# Neues vom Wixxer



## rise (20 Jan. 2007)

Am 22.03.2007 startet der 2.Teil der edgar Wallace Parodie in den Kinos! 
Den ersten Teil fand ich pers. absolute klasse!!!!!:thumbup: :thumbup: 
Beim 2.Teil spielen neben den aus dem 1.teil bekannten sehr viele altbekannte Stars mit.
z.B:Joachim Fuchsberger der in vielen org.
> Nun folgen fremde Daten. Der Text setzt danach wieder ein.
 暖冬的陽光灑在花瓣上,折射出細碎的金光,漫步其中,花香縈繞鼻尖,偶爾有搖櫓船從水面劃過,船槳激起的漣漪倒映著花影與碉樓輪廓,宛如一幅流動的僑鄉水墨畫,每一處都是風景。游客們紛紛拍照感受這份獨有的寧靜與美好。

Wallace Filmen den Kommisar gespielt hat...find i klasse!
ausserdem:
Sonja Kirchberger.Christina Paul,Christof Maria Herbst,Judy Winter,Christian Tramitz u.v.a!
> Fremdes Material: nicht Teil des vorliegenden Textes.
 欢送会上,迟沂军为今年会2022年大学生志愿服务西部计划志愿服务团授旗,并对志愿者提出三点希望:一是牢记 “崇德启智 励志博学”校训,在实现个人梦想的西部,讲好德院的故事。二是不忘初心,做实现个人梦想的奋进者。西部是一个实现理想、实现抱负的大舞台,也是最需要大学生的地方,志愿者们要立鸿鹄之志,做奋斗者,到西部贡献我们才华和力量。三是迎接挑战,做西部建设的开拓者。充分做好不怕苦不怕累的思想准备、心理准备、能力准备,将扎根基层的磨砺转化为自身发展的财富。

Hier ein Link zu einem kleinen Trailer der sehr viel verspricht wenn man Fan von schnellem Humor und kompletten Blödsinn in Filmen ist 

http://www.wixxer.film.de/#


----------



## rise (28 März 2007)

So diesen Film hab ich mir letzte Woche angesehen und ich muss sagen

Absolut genial!!!!   

Habe seit Der Wixxer 1 net mehr so gelacht!!

Angucken!!!!!


----------



## mark lutz (28 März 2007)

der neue scheint ganz lustig zu sein ist ja auch gut besetzt


----------